— PROVIDED DATA —
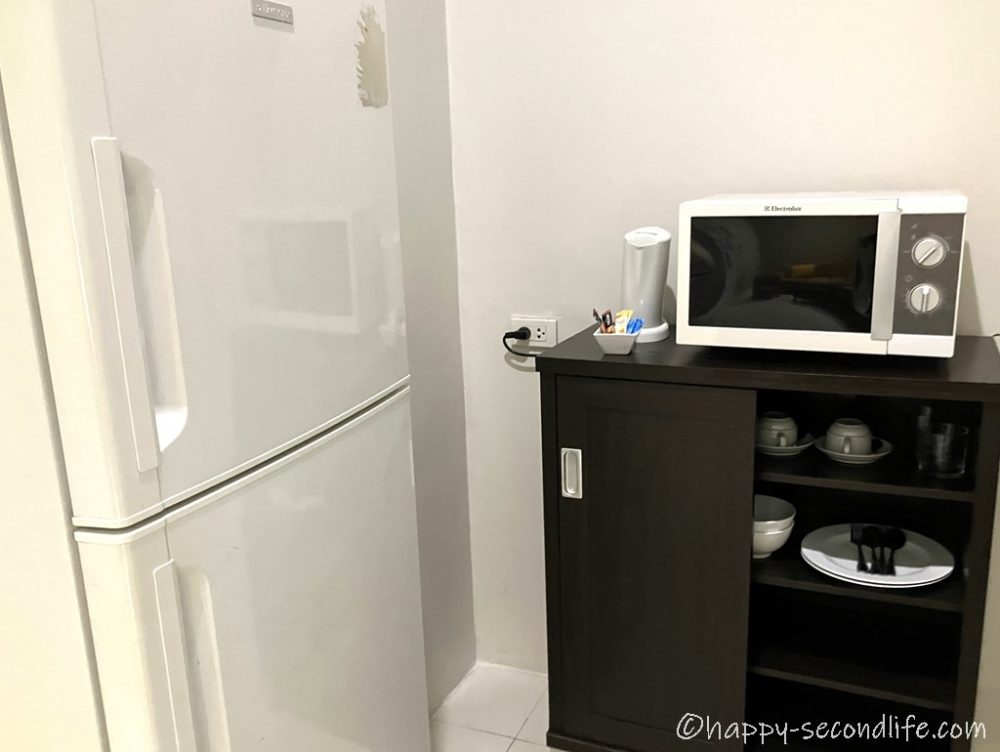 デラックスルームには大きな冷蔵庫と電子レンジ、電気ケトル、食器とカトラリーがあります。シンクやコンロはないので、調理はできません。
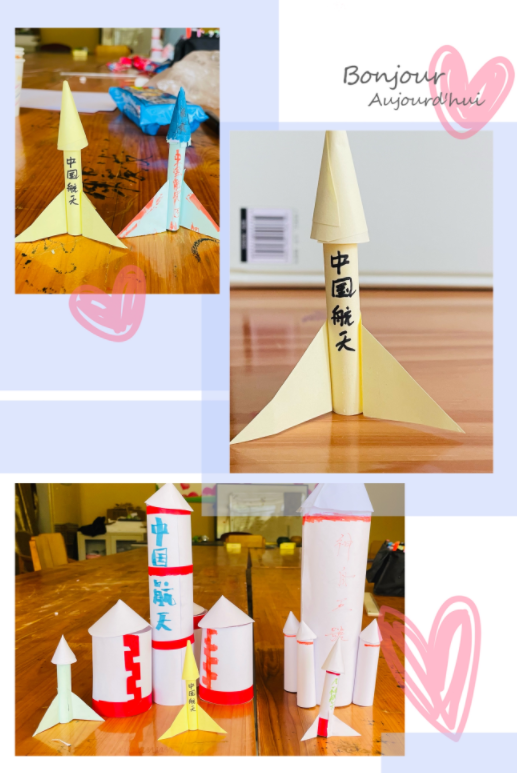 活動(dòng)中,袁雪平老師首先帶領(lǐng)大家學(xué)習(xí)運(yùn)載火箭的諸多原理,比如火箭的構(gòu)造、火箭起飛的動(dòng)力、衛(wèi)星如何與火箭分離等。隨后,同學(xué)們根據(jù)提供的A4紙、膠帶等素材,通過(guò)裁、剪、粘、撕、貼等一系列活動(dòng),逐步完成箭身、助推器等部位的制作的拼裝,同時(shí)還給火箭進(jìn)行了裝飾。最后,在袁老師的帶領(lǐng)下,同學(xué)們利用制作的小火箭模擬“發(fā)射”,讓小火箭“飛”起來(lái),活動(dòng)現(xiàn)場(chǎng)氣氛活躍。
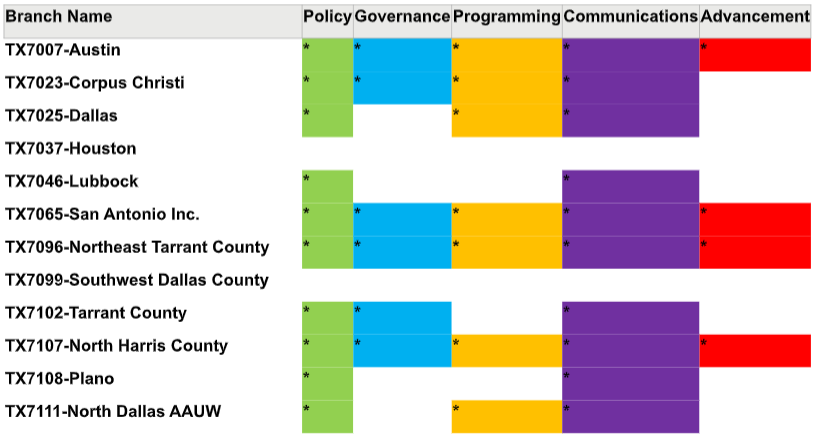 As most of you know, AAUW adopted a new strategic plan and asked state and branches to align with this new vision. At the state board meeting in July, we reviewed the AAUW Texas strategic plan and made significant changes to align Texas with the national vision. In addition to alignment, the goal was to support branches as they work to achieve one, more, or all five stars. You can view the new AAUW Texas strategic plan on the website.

— THE PROBLEM —
Copy nothing but the lines from the top of the data down to the line containing "活動(dòng)中,袁雪平老", and leave the pictures out.

— COMPLETED TASK —
 デラックスルームには大きな冷蔵庫と電子レンジ、電気ケトル、食器とカトラリーがあります。シンクやコンロはないので、調理はできません。
 活動(dòng)中,袁雪平老師首先帶領(lǐng)大家學(xué)習(xí)運(yùn)載火箭的諸多原理,比如火箭的構(gòu)造、火箭起飛的動(dòng)力、衛(wèi)星如何與火箭分離等。隨后,同學(xué)們根據(jù)提供的A4紙、膠帶等素材,通過(guò)裁、剪、粘、撕、貼等一系列活動(dòng),逐步完成箭身、助推器等部位的制作的拼裝,同時(shí)還給火箭進(jìn)行了裝飾。最后,在袁老師的帶領(lǐng)下,同學(xué)們利用制作的小火箭模擬“發(fā)射”,讓小火箭“飛”起來(lái),活動(dòng)現(xiàn)場(chǎng)氣氛活躍。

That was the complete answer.